**Problem to work on**
Beginning at the first line of the material, output each line exactly until you reach and include the line containing "コラボレーションカード2枚目". Leave every picture out.

**Available data**
####

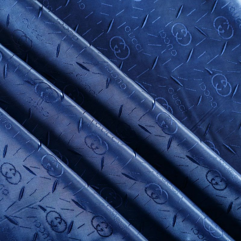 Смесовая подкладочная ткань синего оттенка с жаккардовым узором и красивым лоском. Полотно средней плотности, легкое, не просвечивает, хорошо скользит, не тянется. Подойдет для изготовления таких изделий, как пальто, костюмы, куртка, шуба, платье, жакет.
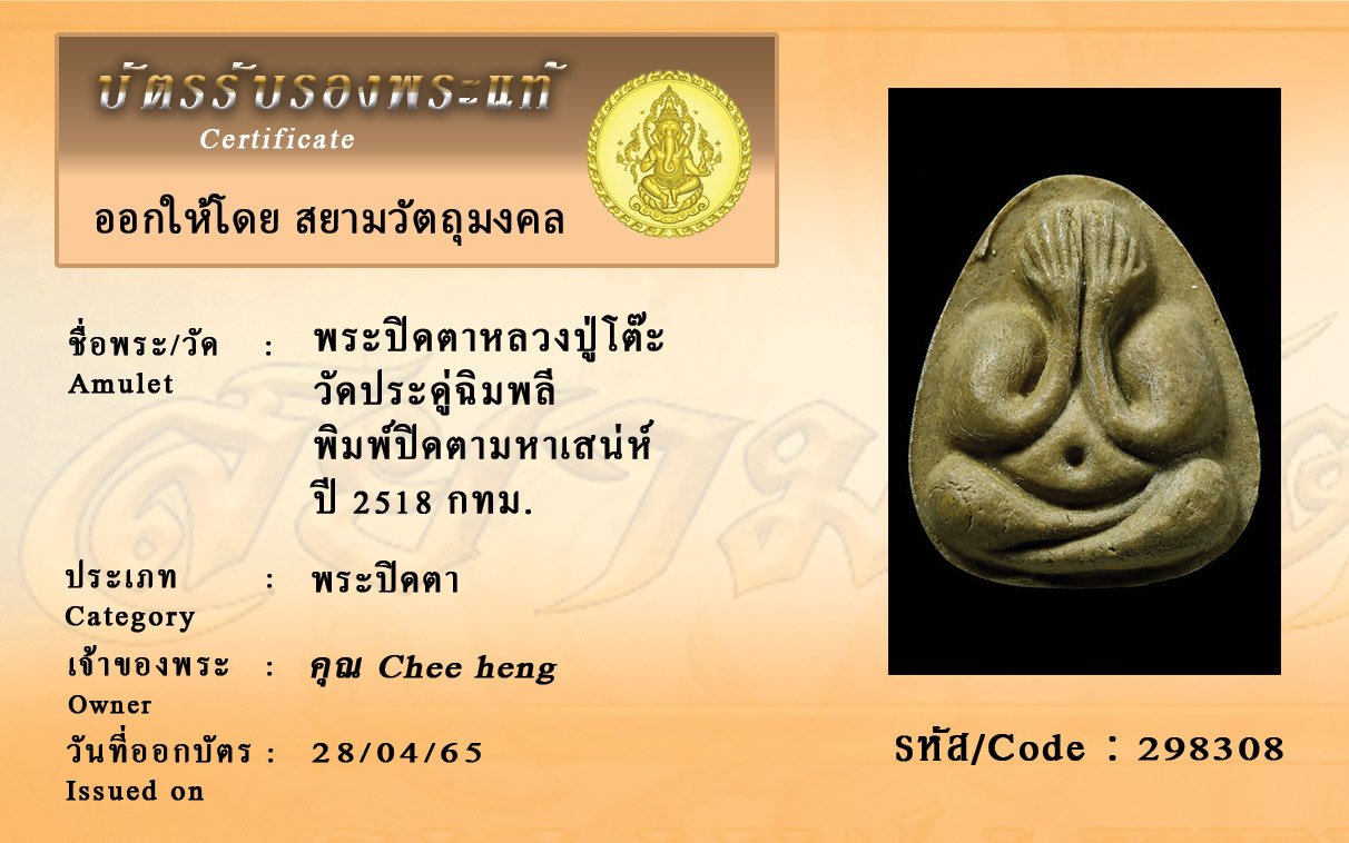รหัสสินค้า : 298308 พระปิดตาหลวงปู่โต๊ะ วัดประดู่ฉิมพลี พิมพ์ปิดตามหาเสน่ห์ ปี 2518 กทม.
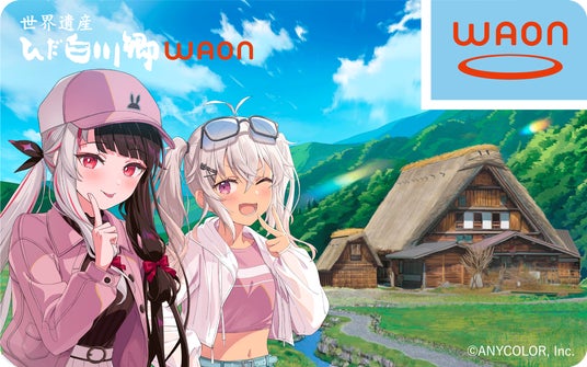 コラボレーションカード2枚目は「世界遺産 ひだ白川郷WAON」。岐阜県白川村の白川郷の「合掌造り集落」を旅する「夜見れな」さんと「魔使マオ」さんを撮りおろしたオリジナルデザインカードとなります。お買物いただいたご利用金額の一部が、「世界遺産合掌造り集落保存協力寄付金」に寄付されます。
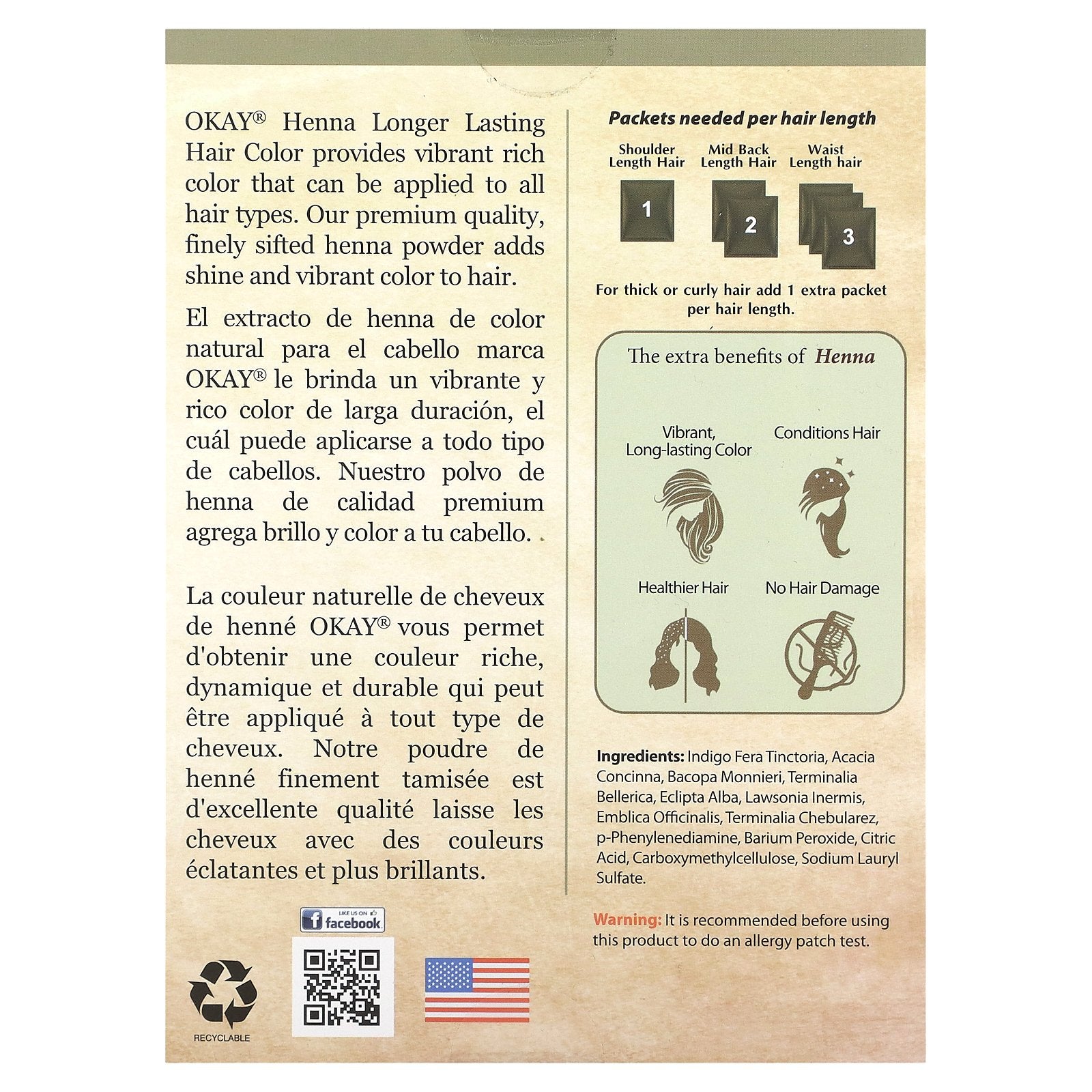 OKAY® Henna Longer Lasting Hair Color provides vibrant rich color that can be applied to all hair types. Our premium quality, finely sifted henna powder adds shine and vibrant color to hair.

####

**Exercise response**
 Смесовая подкладочная ткань синего оттенка с жаккардовым узором и красивым лоском. Полотно средней плотности, легкое, не просвечивает, хорошо скользит, не тянется. Подойдет для изготовления таких изделий, как пальто, костюмы, куртка, шуба, платье, жакет.
รหัสสินค้า : 298308 พระปิดตาหลวงปู่โต๊ะ วัดประดู่ฉิมพลี พิมพ์ปิดตามหาเสน่ห์ ปี 2518 กทม.
 コラボレーションカード2枚目は「世界遺産 ひだ白川郷WAON」。岐阜県白川村の白川郷の「合掌造り集落」を旅する「夜見れな」さんと「魔使マオ」さんを撮りおろしたオリジナルデザインカードとなります。お買物いただいたご利用金額の一部が、「世界遺産合掌造り集落保存協力寄付金」に寄付されます。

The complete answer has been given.